In the latest edition of Oil Express, I read a “news” story that outlined the details behind Zurich Insurance Group’s decision to stop underwriting policies for underground storage tanks (USTs).  The article – which is really old “news” to NJGCA and our members – discussed how Zurich is finally exiting this market after originally announcing their decision a year ago.

However, some of you have wondered why Zurich – a huge name in the business – has stopped underwriting policies?  

To discern what’s really going on, we turned to Eric Dana, a Member Benefit Partner (MBP) and owner of Dana Insurance.  According to Eric, some of the fault can be attributed to sloppy homework by Zurich underwriters, who never checked into the accuracy of the tank information they were getting when structuring policies.  This went on for years and created opportunities for fraud, abuse, and inaccuracy.  Unfortunately, the claims eventually piled up even as their receivables fell, pressuring Zurich to raise rates a number of times.  The rate increase obviously didn’t only harm the “affected” policy holders in their UST program, but also “conforming” policy holders who were not at risk.  The result was that the “good” folks who were able to get alternate coverage left Zurich for companies offering more affordable policies.  That left all the bad apples behind; which eventually led to the program’s demise.  

Thankfully, NJGCA members who need UST insurance have alternatives through
Dana Insurance.  Eric tells us that there are nine companies out there with competitive rates for station owners who have been notified that Zurich will not renew their policies.  This is especially true for “good risk” retailers who are proactive in their compliance requirements, such as doing leak detections; getting regulation tests completed; making sure registrations are accurate, et al.  
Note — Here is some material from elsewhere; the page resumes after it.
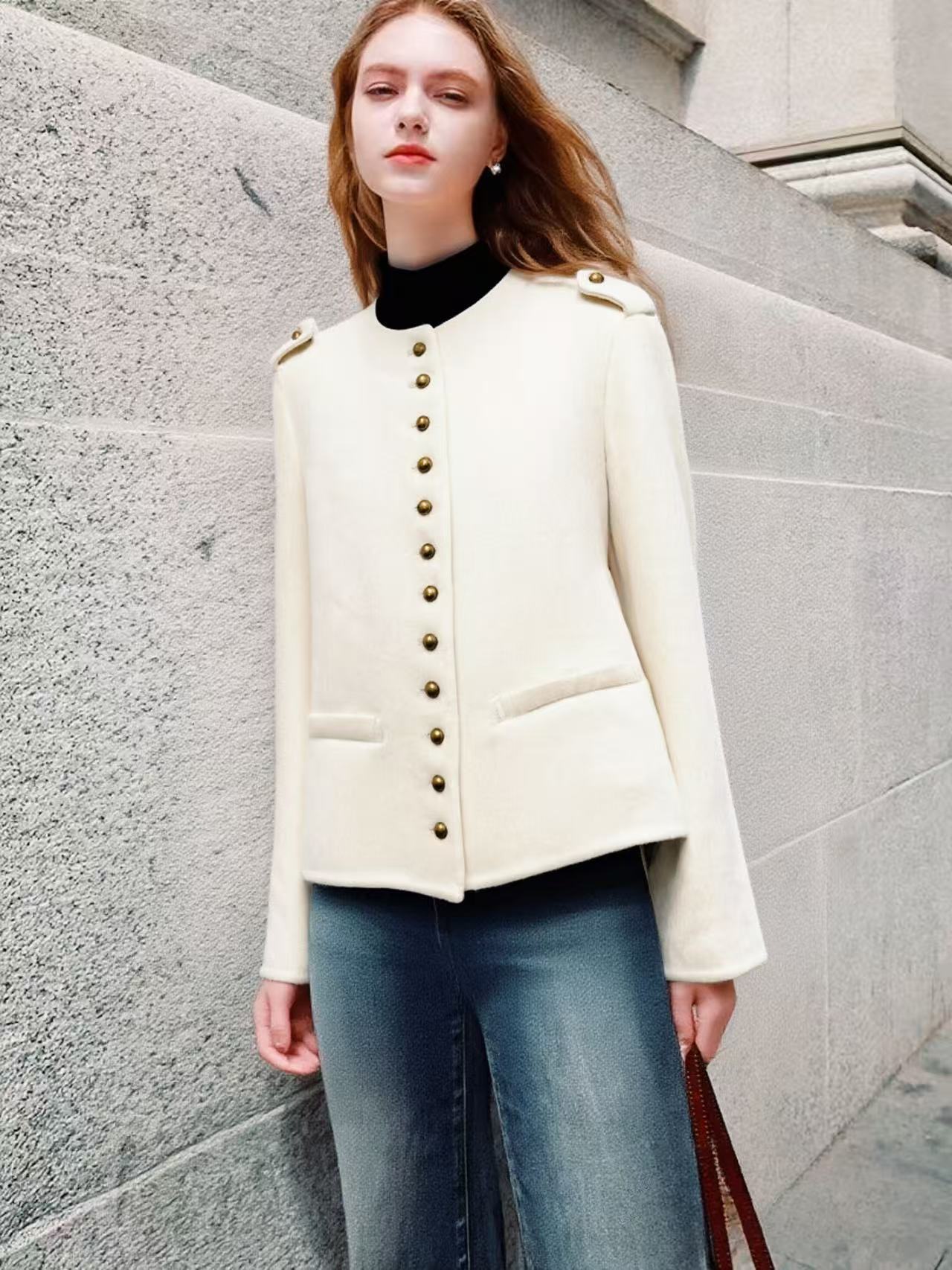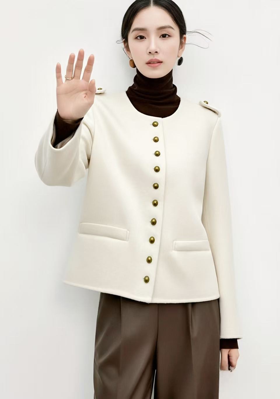 12.12错过没有!清货不退清仓价(样衣微脏)【轻奢双面尼】2510(100%高支绵羊毛)精致小香风金扣利落干练短款双面尼-喜出

If you are an affected policy holder – or if you just want to see what other (affordable) alternatives are out there – please contact NJGCA so we can put you in touch with Eric Dana!

This week in Trenton we saw some action on the gift card legislation.  As you know, two years ago the Legislature and the Governor changed the rules governing unused gift cards in New Jersey.  They made it so that any money left on a gift card that hadn’t been used in 2 years would be confiscated by the state as unclaimed property.  The consumers who own this gift card would still be able to wake up and use it, but the retailer who sold it would have to jump through a few hoops to get the money back from the state.  That law also said that retailers would have to record the zip code of every customer who bought a gift card going forward.  These new regulations were deemed so onerous that several retail business trade groups filed suit to stop the law from taking effect, and several of the biggest gift card companies said that they would stop selling gift cards in New Jersey rather than adhere to these new rules.  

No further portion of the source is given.